Accurate and Scalable Estimation of Epistemic Uncertainty for Graph Neural Networks

arXiv.org Machine Learning

While graph neural networks (GNNs) are widely used for node and graph representation learning tasks, the reliability of GNN uncertainty estimates under distribution shifts remains relatively under-explored. Indeed, while post-hoc calibration strategies can be used to improve in-distribution calibration, they need not also improve calibration under distribution shift. However, techniques which produce GNNs with better intrinsic uncertainty estimates are particularly valuable, as they can always be combined with post-hoc strategies later. Therefore, in this work, we propose G-$\Delta$UQ, a novel training framework designed to improve intrinsic GNN uncertainty estimates. Our framework adapts the principle of stochastic data centering to graph data through novel graph anchoring strategies, and is able to support partially stochastic GNNs. While, the prevalent wisdom is that fully stochastic networks are necessary to obtain reliable estimates, we find that the functional diversity induced by our anchoring strategies when sampling hypotheses renders this unnecessary and allows us to support G-$\Delta$UQ on pretrained models.
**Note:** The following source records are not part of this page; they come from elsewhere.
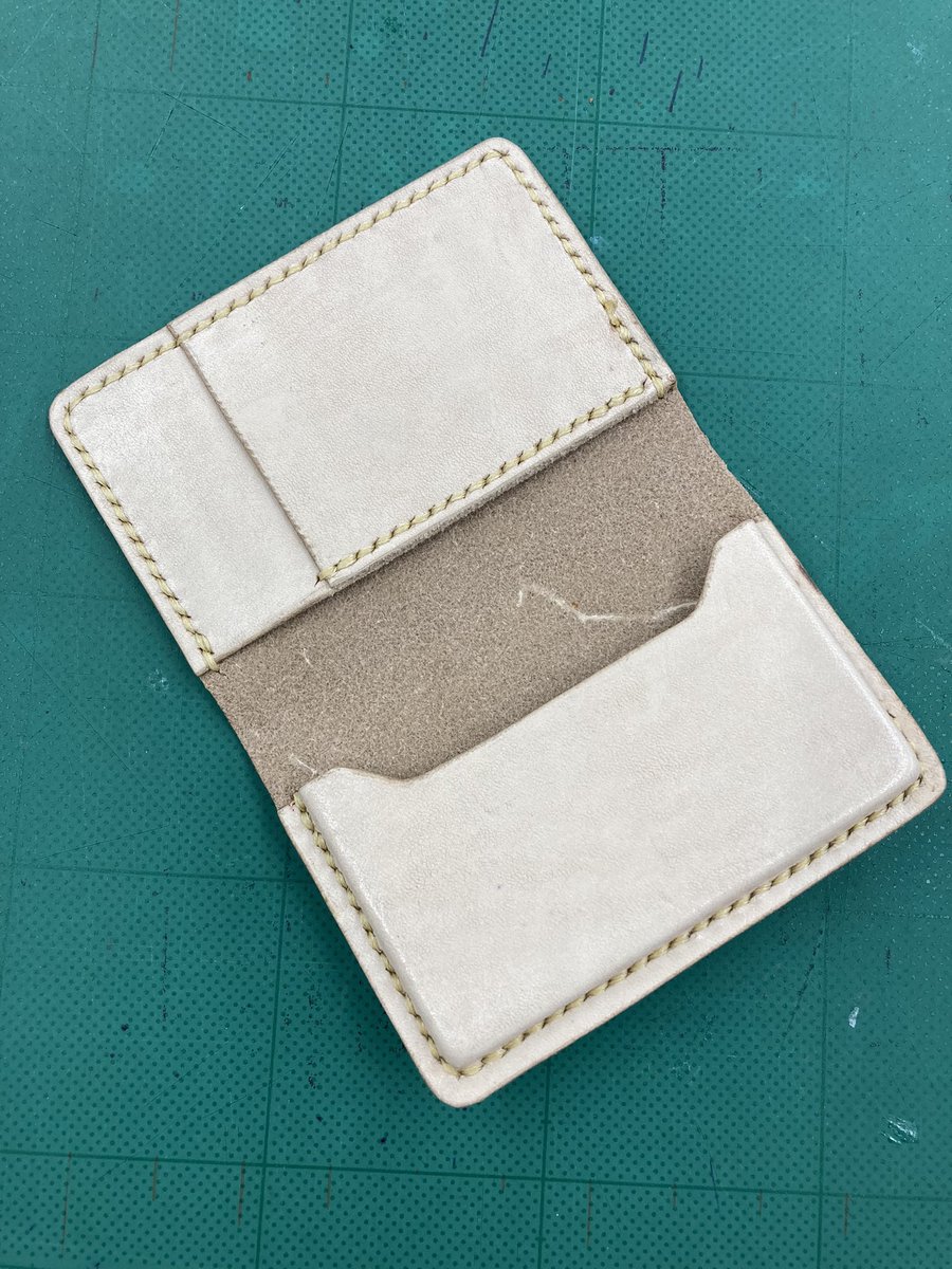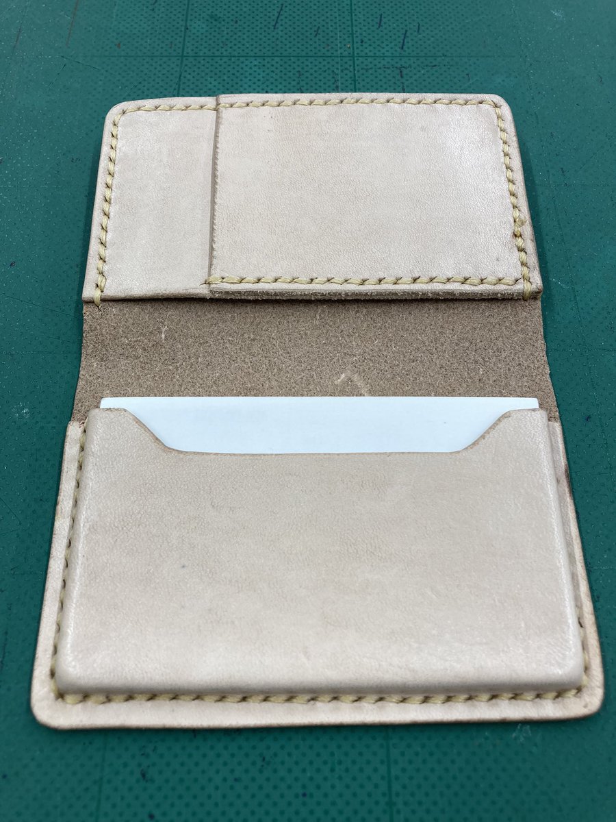 おはようございます😊 #レザークラフト ヌメ革のはぎれで名刺入れを作ってみました! 名刺を入れる所はバッチリだったんですが。。。😅 ちゃんと測って作らないと失敗しますね💦💦 今日もよろしくお願いします💕 #みんなで楽しむTwitter展覧会 #ハンドメイド #名刺入れ twitter.com/s_watanabe2020…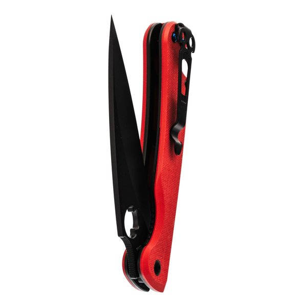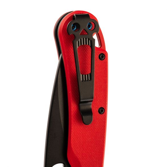 Сталь D2, использованная в клинке, гарантирует агрессивность реза и долговечность заточки, однако важно помнить о её предрасположенности к коррозии, что требует небольшого ухода за ножом. Клинок имеет алмазо-подобное покрытие DLC, что предохраняет его от коррозии и делает его стильно-черным.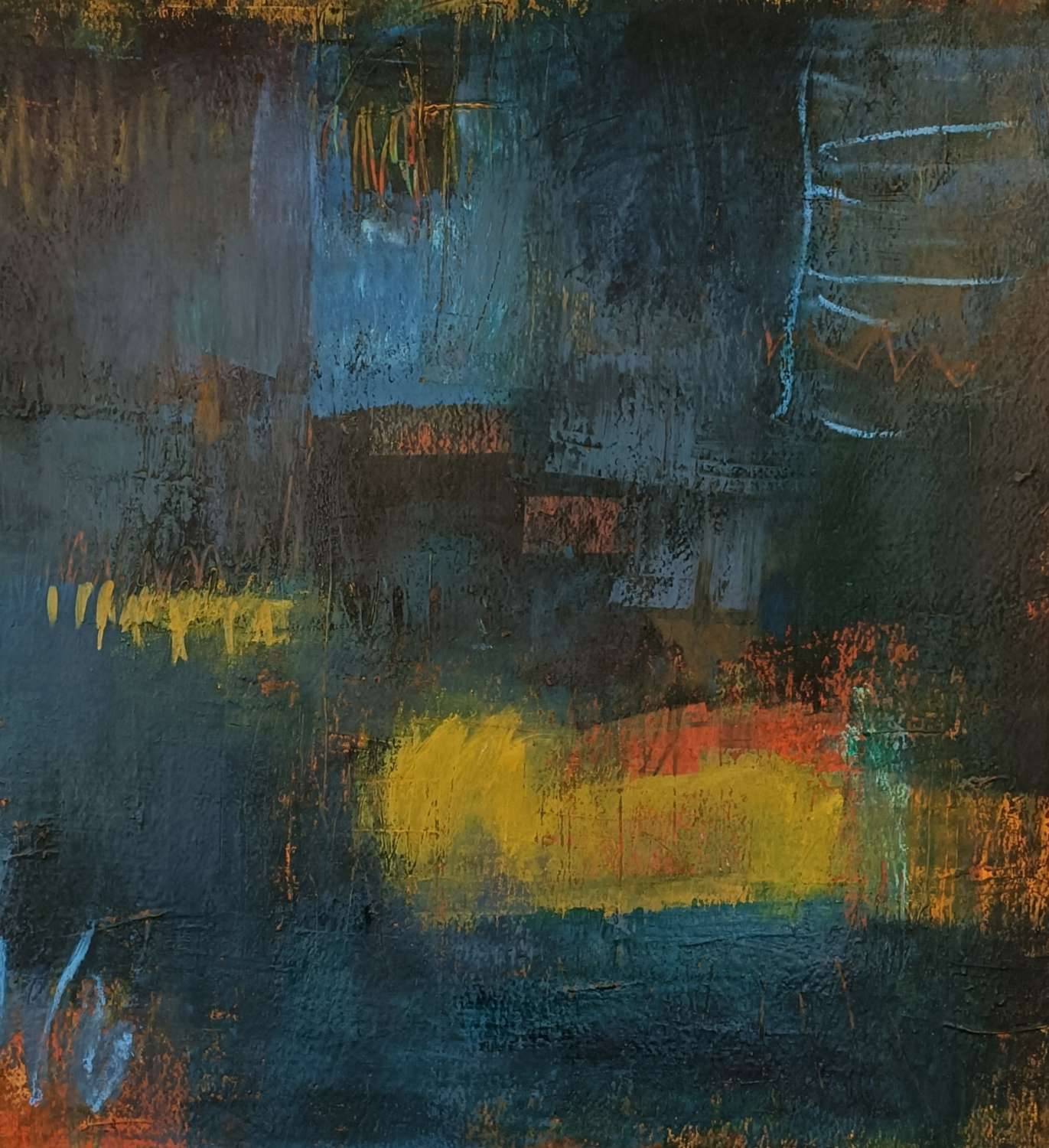 This work was inspired by the coast path of the West Penwith area west of St Ives, the dark sea, and the glorious colours of the coast. It also reflects the colours and textures of some of the ancient rocks along this stretch of coast. I wanted the work to have a raw energy about it. Rich in texture, the work was painted in oil and pigments over an acrylic base layer, with cold wax and rock powders adding body to the paint mix. Expressive mark-making results in an aged patina.

Indeed, through extensive evaluation under covariate, concept and graph size shifts, we show that G-$\Delta$UQ leads to better calibrated GNNs for node and graph classification. Further, it also improves performance on the uncertainty-based tasks of out-of-distribution detection and generalization gap estimation. Overall, our work provides insights into uncertainty estimation for GNNs, and demonstrates the utility of G-$\Delta$UQ in obtaining reliable estimates.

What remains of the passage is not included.